Orkan Friederike in Sachsen

Von West nach Ost fegte der Orkan "Friederike" am Donnerstag über Deutschland hinweg und schlug eine Schneise der Verwüstung, hier in Leipzig in Sachsen. Insgesamt kamen in Deutschland acht Menschen ums Leben. | Bildquelle: ZB

Millionenschäden am Schienennetz

Auch die Deutsche Bahn sprach von Millionenschäden am Schienennetz und mehr als 200 beschädigten Streckenabschnitten. Nach der vorübergehenden Einstellung des Fernverkehrs am Donnerstag nahm die Deutsche Bahn den Betrieb wieder auf. Alle Metropolen sind inzwischen wieder erreichbar. Die Strecken Dortmund-Osnabrück-Bremen sowie Hamm-Wuppertal-Köln blieben gesperrt.
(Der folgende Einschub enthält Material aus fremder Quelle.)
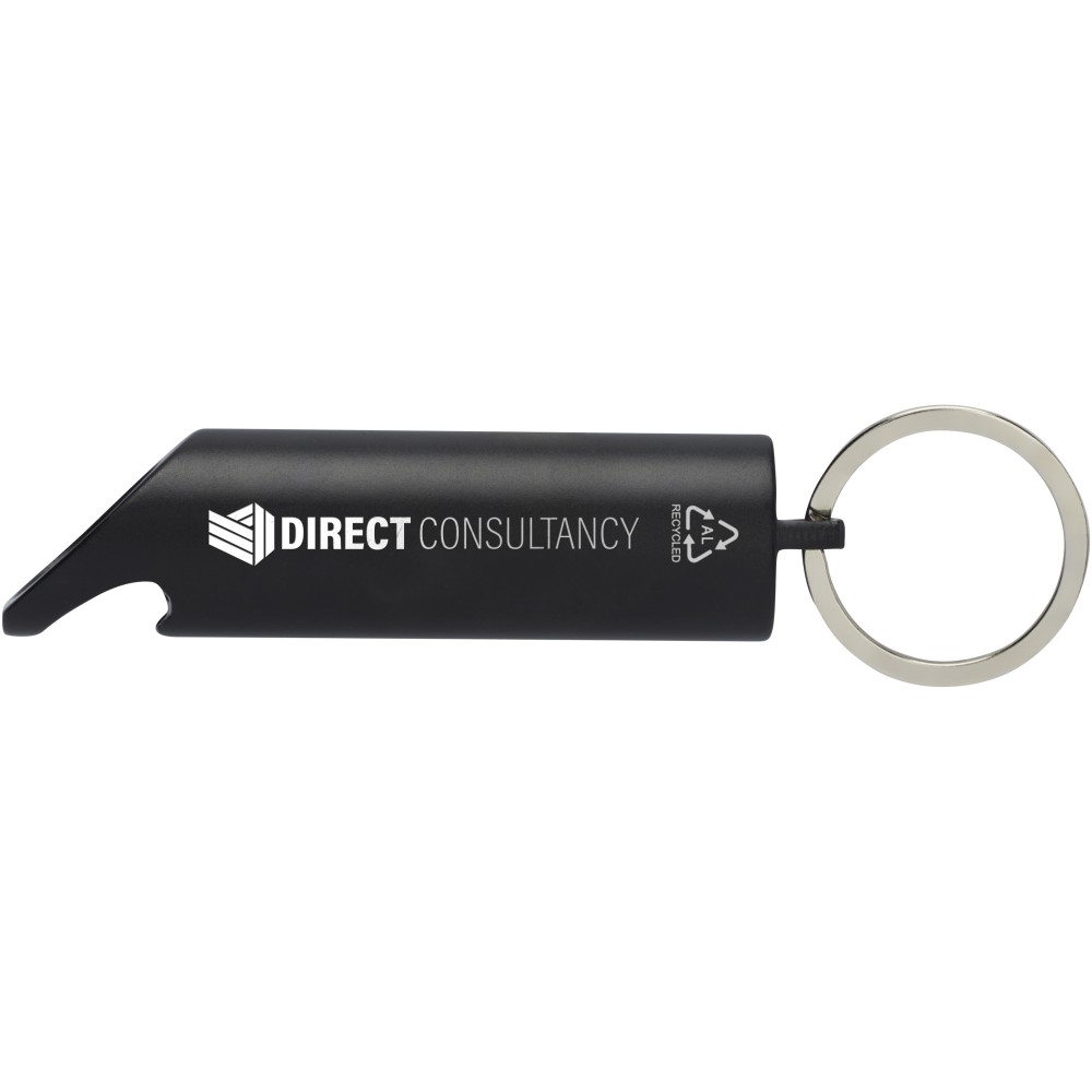 LED zseblámpa üvegnyitóval, be-/kikapcsoló gombbal és fém kulcskarikával. Könnyű és erős, 63%-os RCS tanúsítvánnyal rendelkező újrahasznosított alumíniumból készült. A Recycled Claim Standard (RCS) a termék újrahasznosított tartalmát a teljes ellátási láncban ellenőrzi. Különféle feltűnő színekben, fémes bevonattal kapható. Három LR44 elemmel szállítjuk. Újrahasznosított alumínium.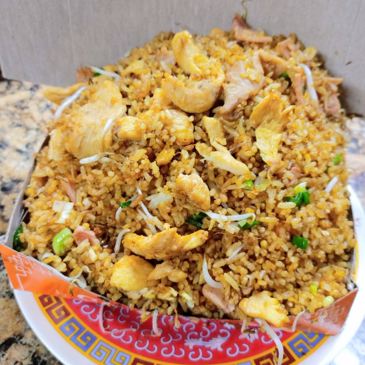 Caja grande de arroz con pollo, raices chinas y vegelates salteados, perfecto para 7 o mas personas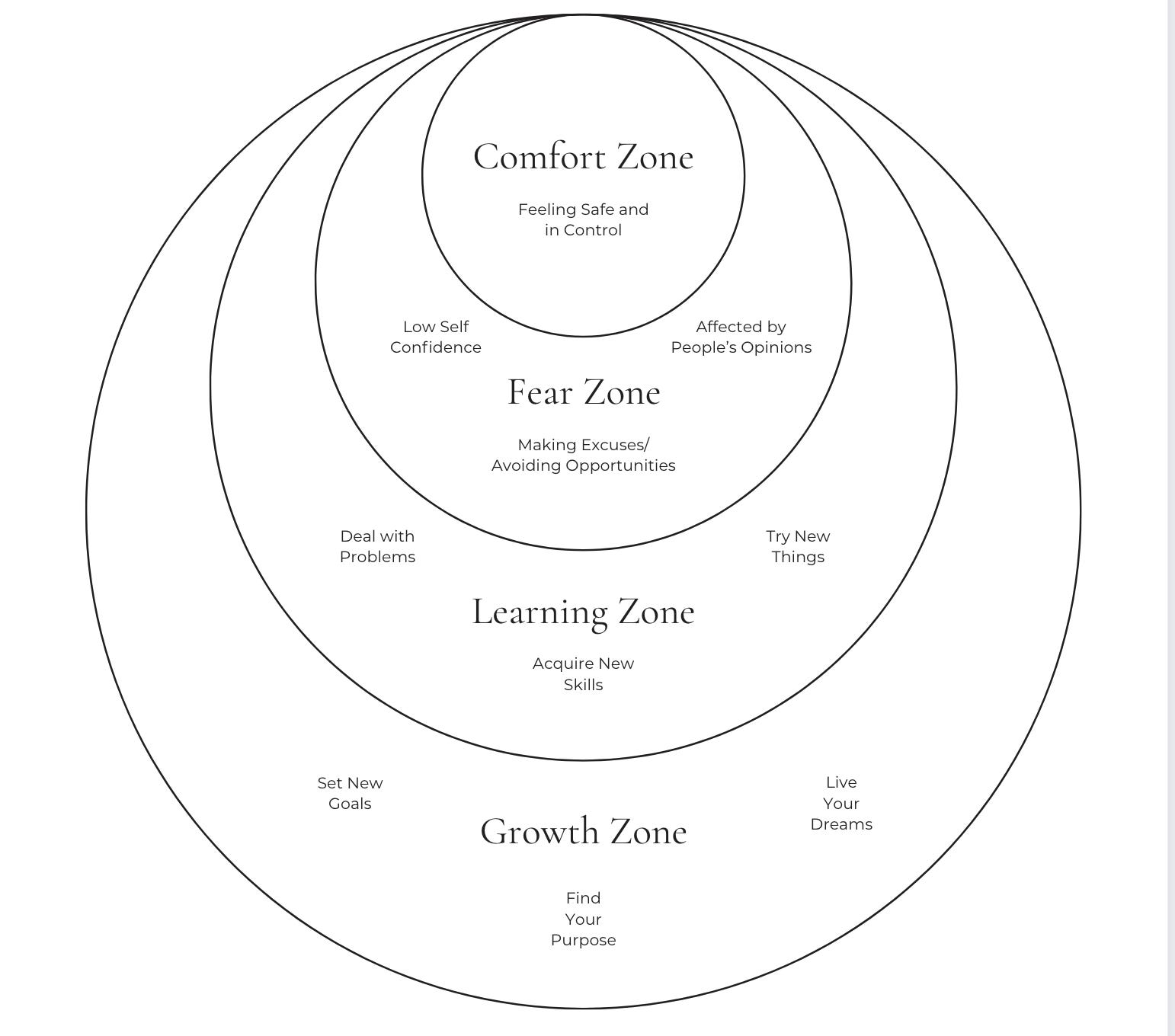 Growth only happens outside of the comfort zone; it's why muscles have to tear and minds have to strain to develop strength. There are two primary responses to fear: a) you can recognize it and face it immediately, or b) you can recognize it and run from it. Either way, you know fear is there, and you have a choice if you are going to grow or stay comfortable.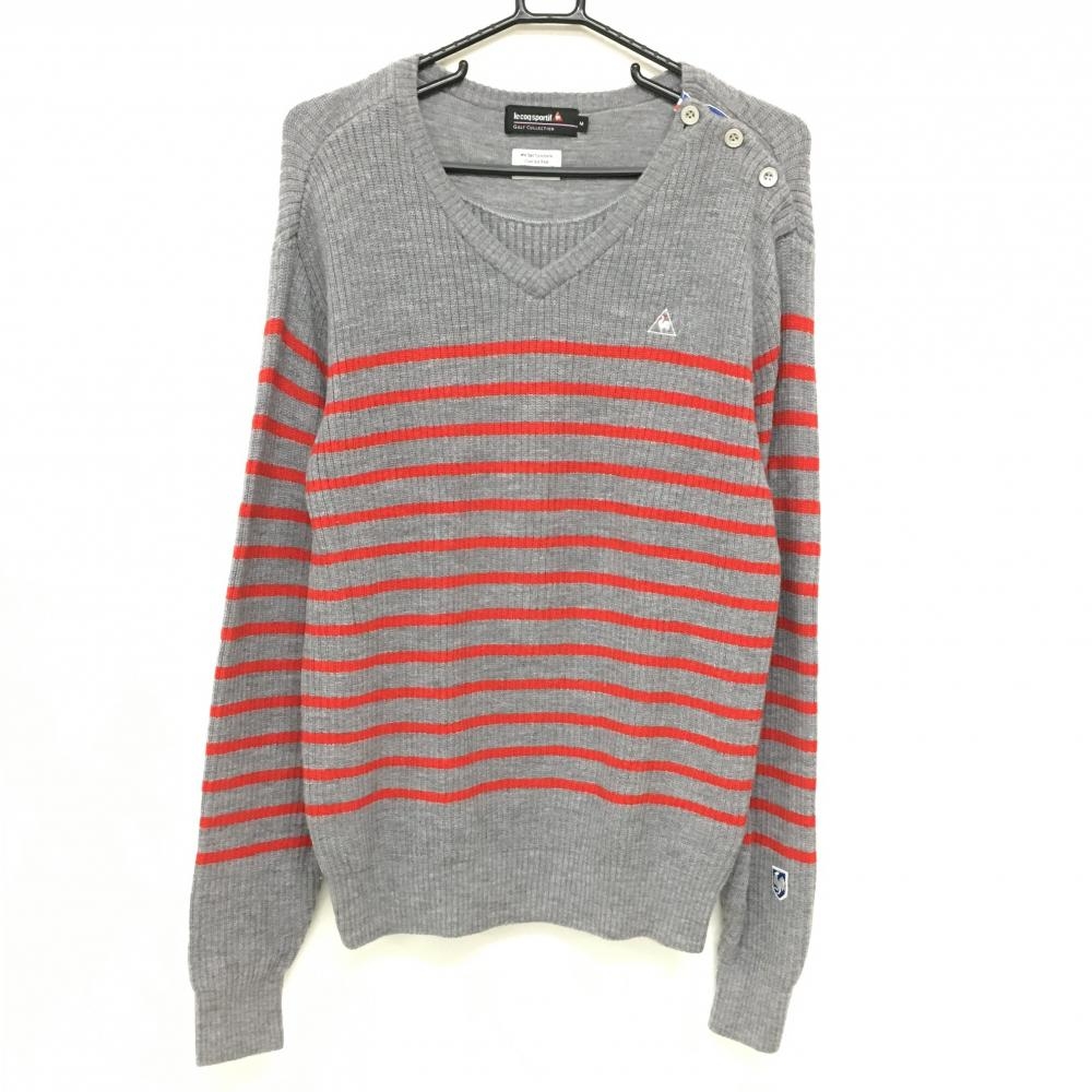 ルコックゴルフ セーター ネイビー×アイボリー ボーダー Vネック 肩ボタン ウール100% ニット メンズ M ゴルフウェア le coq sportif

Auch der seit dem Sturm nicht mehr angefahrene Bahnhof Münster sollte noch am Abend wieder erreicht werden können.

Auch im Regionalverkehr wurde der Betrieb nach und nach wieder aufgenommen. Die Fahrgäste mussten sich aber weiterhin auf "erhebliche Einschränkungen" einstellen, vor allem in den besonders vom Sturm betroffenen Landesteilen wie Nordrhein-Westfalen. Für das Wochenende rechnet die Bahn mit einer weitgehenden Normalisierung.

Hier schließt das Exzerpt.